The Google File System I
After finishing reading Professor Arpaci-Dusseau’s book Operating Systems - Three Easy Pieces recently, I decide to read this paper again.
Introduction
The Google File System (GSF) is a scalable distributed file system that consists of hundreds of storage machines (1000 storage nodes and over 300 TB of disk storage on 2003) and is accessed by a large number of clients.
Key Observations
- Componenent failure. This is common for distributed systems.
- Huge files of several GB are common, since many files are web documents containing many application objects.
- Most files are mutated by appending new data than overwriting existing data. Random writes within a file are rare. The files are often read sequentially once written. The first point is reasonable considering the nature of google docs, most operations should be to write to the google doc instead of replacing one document by a new one from the client’s local PC.
- Several clients can concurrently write to the same file and read through it simultaneously.
- High sustained bandwidth is more important than low latency.
- Co-design the applications and the file system API.

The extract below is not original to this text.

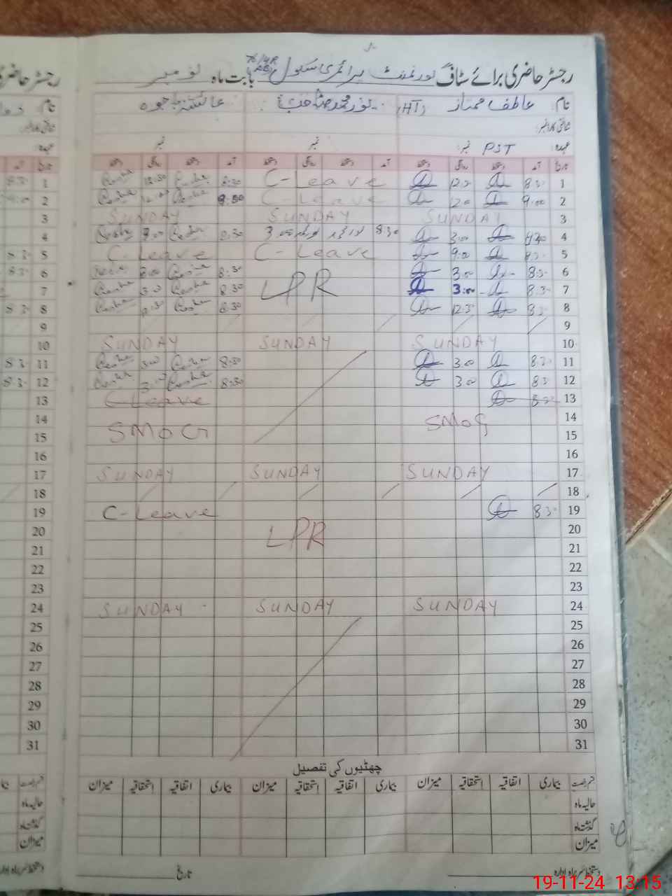 | CNIC | Full Name | Designation | R/C | Absence During Last Calender Month |

According to the observations, the workloads primarily consist of two kind of reads: large streaming reads of > 1 MB and small random reads of several KB. It also has many large and sequential appending. Once written, files are seldom modified again. Small random writes do not need to be efficient.
Interface
In addition to usual operations like create, delete, open, close, read and write, GFS also supports
- snapshot: Create a copy of a file or a directory tree at low cost.

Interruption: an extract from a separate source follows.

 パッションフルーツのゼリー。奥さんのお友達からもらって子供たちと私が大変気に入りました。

- record append: Allow multiple clients to append data to the same file concurrently while garanteeing the atomiciy of each client’s append.
Architecture
A GFS consists of
- A single master that stores the files metadata and controls system-wide activities.
- Multiple chunkservers that save replicas of file chunks.
Files are stored as a collection of fixed-size chunks (64 MB on 2003). Each chunk is identified by an immutable and global 64 bit identifier called chunk handle. The chunk handler is assigned by the master at the time of chunk creation.
The workflow of a simple read is as following
Client | Master | Chunkserver |
---|---|---|
Translate the filename and byteoffset for read into a file chunk index | ||
Send the filename and file chunk index to master | ||
Receive the request of filename and file chunk index | ||
Send the chunk handle and replica locations to client | ||
Receive chunk handle and replica locations | ||
Cache these informations with filename and file chunk index | ||
Send request of chunk handle to one chunkserver with replica | ||
Receive chunk handle request | ||
Send the corresponding chunk to client |
Metadata
There are three major types of metadata
- File and Chunk namespaces
- File to chunk mapping
- Chunk replicas’ locations
The metadata is stored in memory to assure performance.